Crypto World
Rising Treasury Yields Trigger Selloff in Bitcoin (BTC) and Stock Markets
Key Takeaways
- Bitcoin (BTC) plunged from approximately $90,000 to close to $60,000 in early 2026, while equities remained resilient — but that’s changing.
- Following the outbreak of conflict with Iran on Feb. 28, Treasury yields have surged, pushing Nasdaq and S&P 500 futures down to September levels.
- The 10-year Treasury yield reached 4.41%, marking its highest point since August 1, climbing 48 basis points since hostilities began.
- Both cryptocurrency and stock market sentiment indicators have plunged into “extreme fear” zones during late March.
- Retail investor pessimism has reached 52% for the next six-month outlook — the most negative reading since May 2025.
Digital asset markets experienced severe turbulence at the beginning of 2026, with Bitcoin plummeting from approximately $90,000 to near $60,000 within a five-week period. During that same timeframe, U.S. equity markets showed remarkable resilience, hovering close to all-time peaks.
That divergence is rapidly disappearing — and not for positive reasons.
Since military operations involving Iran commenced on February 28, concerns about inflationary pressures and diminishing prospects for Federal Reserve interest rate reductions have driven U.S. Treasury yields significantly higher. This shift has started dragging equities downward, mirroring the weakness that bitcoin telegraphed several weeks ahead.
The benchmark 10-year U.S. Treasury note yield advanced to 4.41% during early Monday trading, marking its strongest level since the beginning of August. The yield has increased by 48 basis points from when the Iranian conflict initiated. Meanwhile, the two-year Treasury yield has surged 57 basis points to reach 3.94%.

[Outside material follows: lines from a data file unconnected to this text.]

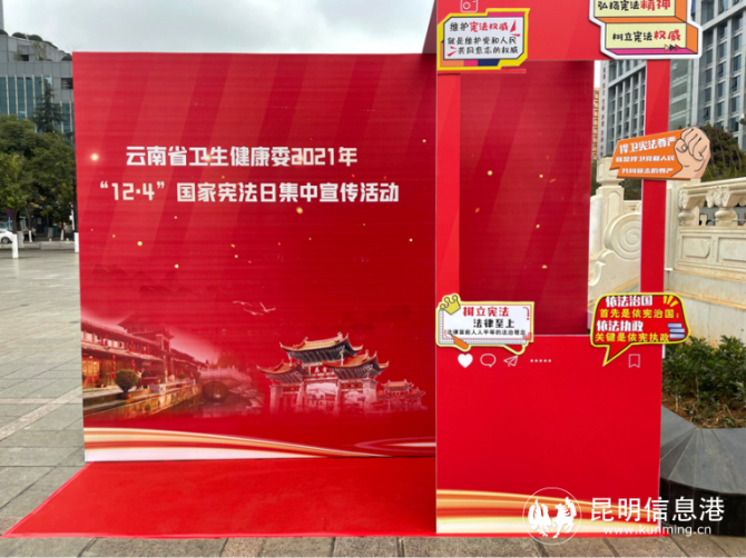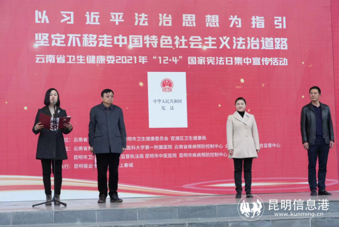 昆明信息港讯 记者李金梓 12月4日,由云南省卫生健康委员会、昆明市卫生健康委员会、官渡区卫生健康局联合主办的2021年“12•4”国家宪法日集中宣传活动在昆明市官渡广场举行。
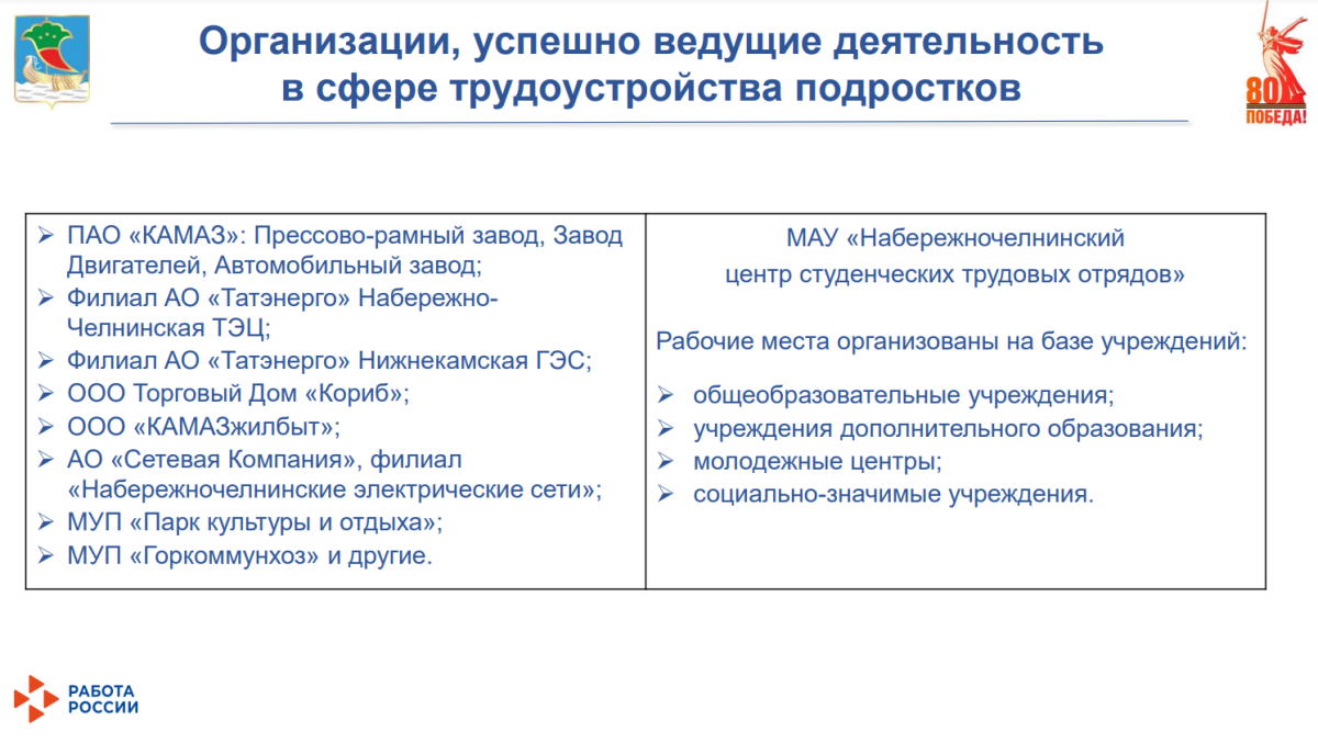 Активно принимают участие в трудоустройстве подростков такие предприятия и организации, как подразделения ПАО «КАМАЗ» – Прессово-рамный завод, Завод Двигателей и Автомобильный завод, филиалы «ТАТЭНЕРГО» – Набережночелнинская ТЭЦ и Нижнекамская ГЭС, Торговый дом «Кориб», «Камазжилбыт», «Сетевая компания» (филиал Набережночелнинские электрические сети), «Парк культуры и отдыха», «Горкоммунхоз» и другие.
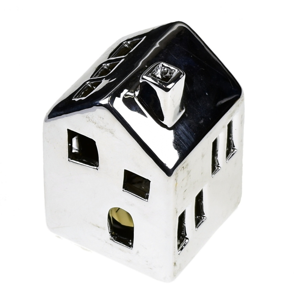 Keramický domeček stříbrný s LED osvětlením. Baterie je součástí výrobku.Výška 9,7 cm, šířka 6 cm. przeczytaj całość
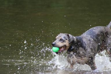 Keywords: ball run pet dog animal water canine domestic mammal young adorable outdoors doggy playing playful fur
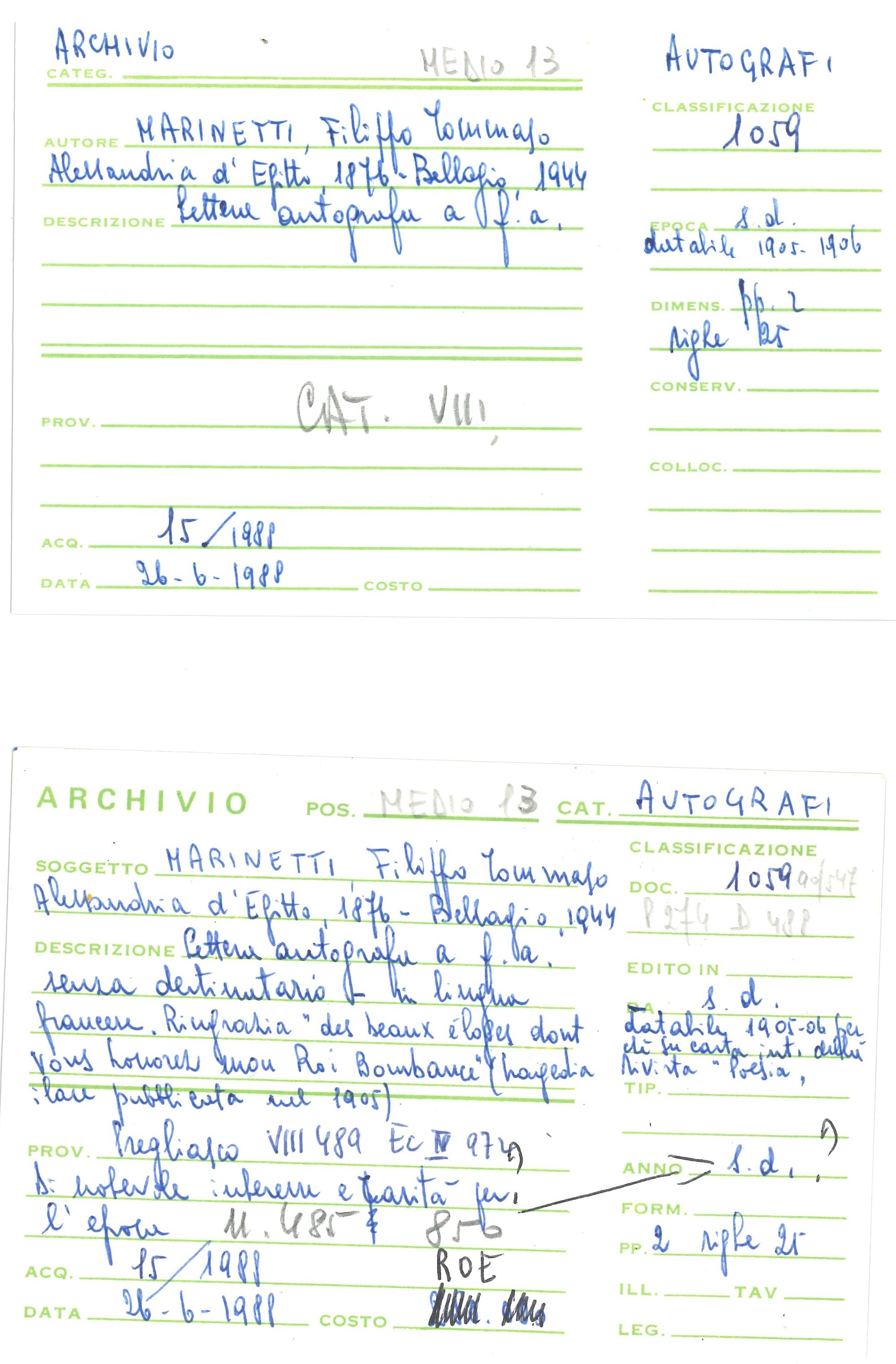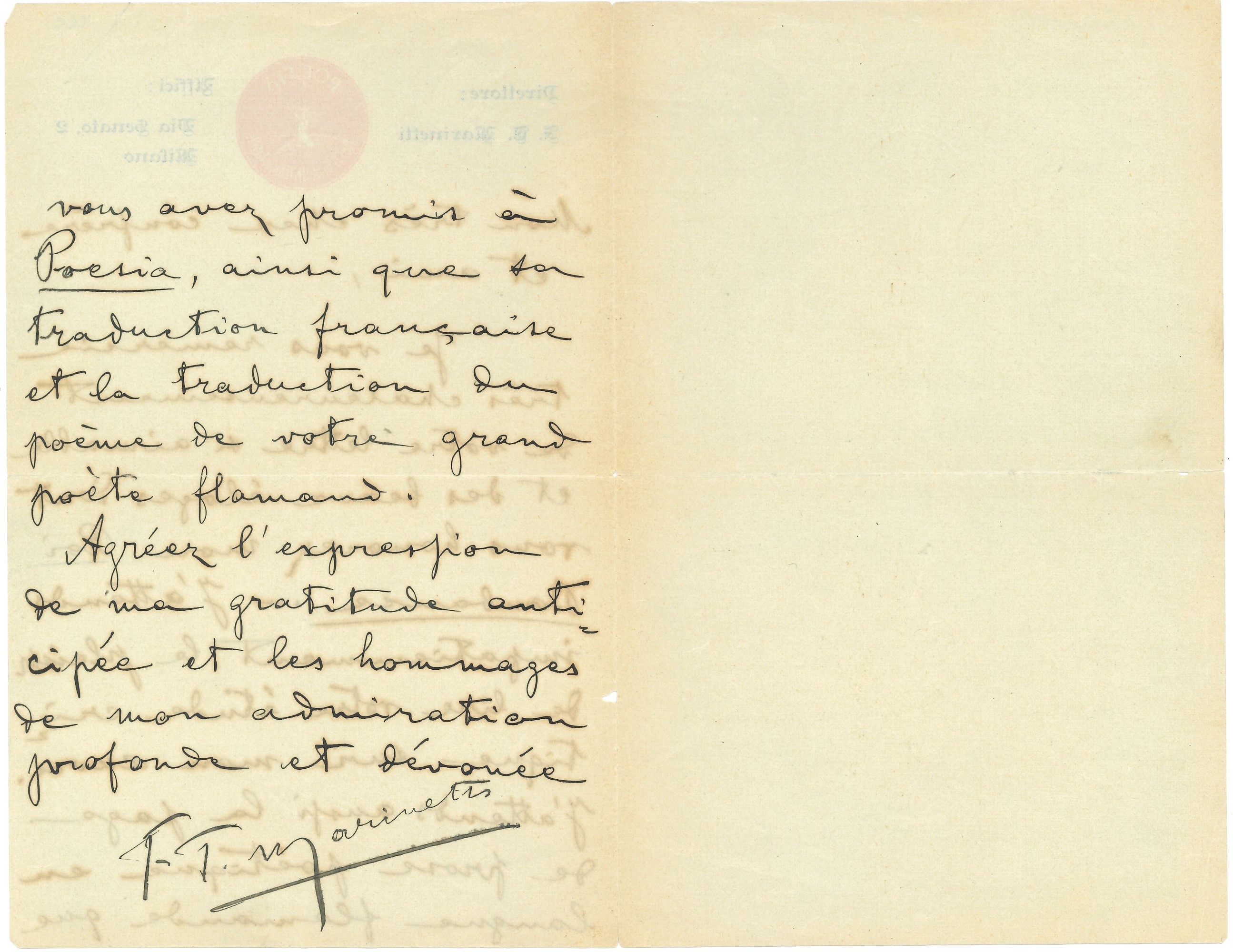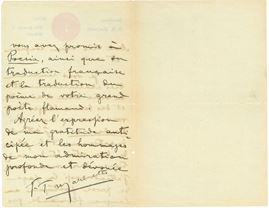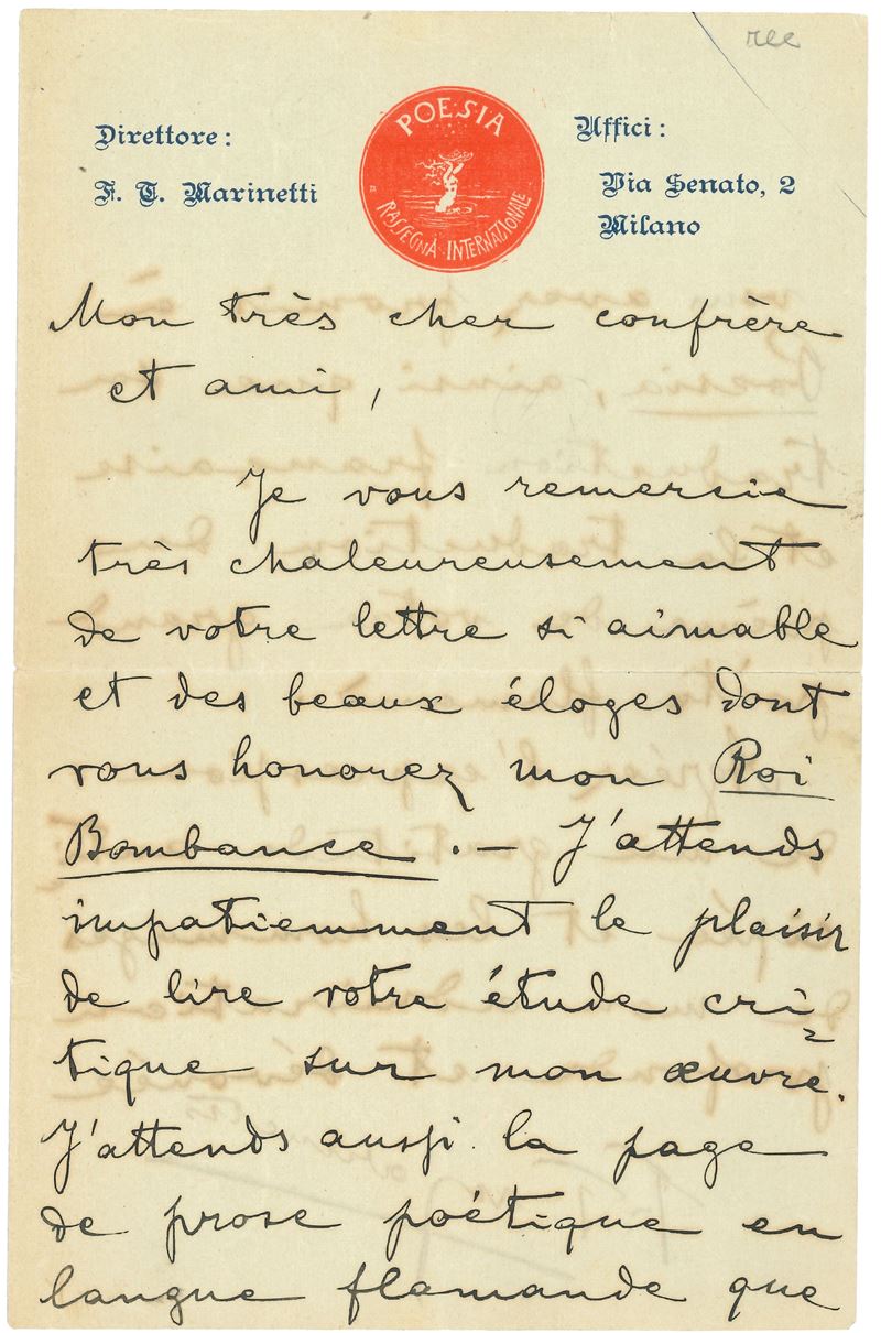 Due facciate manoscritte su carta intestata del direttore della rassegna internazionale di poesia. Il poeta ringrazia un critico per gli elogi ricevuti per la tragedia "Le Roi Bombance", elemento che rende la lettera databile tra il 1905 e il 1906

Elevating yields carry significant implications because they increase borrowing expenses throughout the broader economy — affecting everything from home mortgages to business financing. This dynamic typically dampens enthusiasm for riskier assets in equity markets.
Nasdaq futures declined to 23,890 points during Monday’s early session, representing the weakest level since September 11. S&P 500 e-mini futures tumbled to 6,505 points, similarly marking their lowest position since September.
Bitcoin Functions as an Early Warning System
Market observers have consistently monitored bitcoin as a forward-looking gauge for overall risk sentiment. Its sharp decline during early 2026 may have served as an advance warning of the turbulence equities are currently facing.
In a recent analysis, Bloomberg Senior Commodity Strategist Mike McGlone highlighted that bitcoin occupies a position “at the top of the risk-assets iceberg,” suggesting its deteriorating price action could represent the initial phase of a broader market correction — especially if volatility in commodities spills over into stock indices.
Bitcoin has traded within a relatively narrow range in recent weeks, oscillating between $65,000 and $75,000. Monday morning prices hovered around $68,790. However, derivatives market indicators reveal profound anxiety, with an unprecedented skew toward put options — financial instruments designed to protect against additional price declines.
Anxiety Permeates Both Asset Classes
Measures of market sentiment indicate that fear has become pervasive. The Crypto Fear & Greed Index has retreated to “extreme fear” status. A comparable gauge tracking stock market sentiment has likewise experienced a sharp deterioration.
Blockchain analytics provider Alphractal characterizes this simultaneous emergence of fear across both markets as an uncommon occurrence, advising investors to maintain heightened vigilance.
Data from the American Association of Individual Investors reveals that 52% of retail market participants maintain a pessimistic view for the upcoming six months. This represents the most bearish sentiment registered since May 2025.
Donald Trump’s 48-hour deadline concerning the Strait of Hormuz continues ticking down, contributing additional uncertainty to market psychology.
Market analyst Tony Severino highlights a recurring historical phenomenon where bitcoin’s correlation with the S&P 500 declines to -0.5 before experiencing a dramatic reversal upward — a configuration he suggests frequently precedes significant equity market declines. That correlation metric has recently shifted back into positive territory.
“Typically there’s an initial rally that amplifies the subsequent pain,” Severino noted.
Current market pricing reflects a modest probability that the Federal Reserve might actually increase interest rates instead of implementing the anticipated cuts.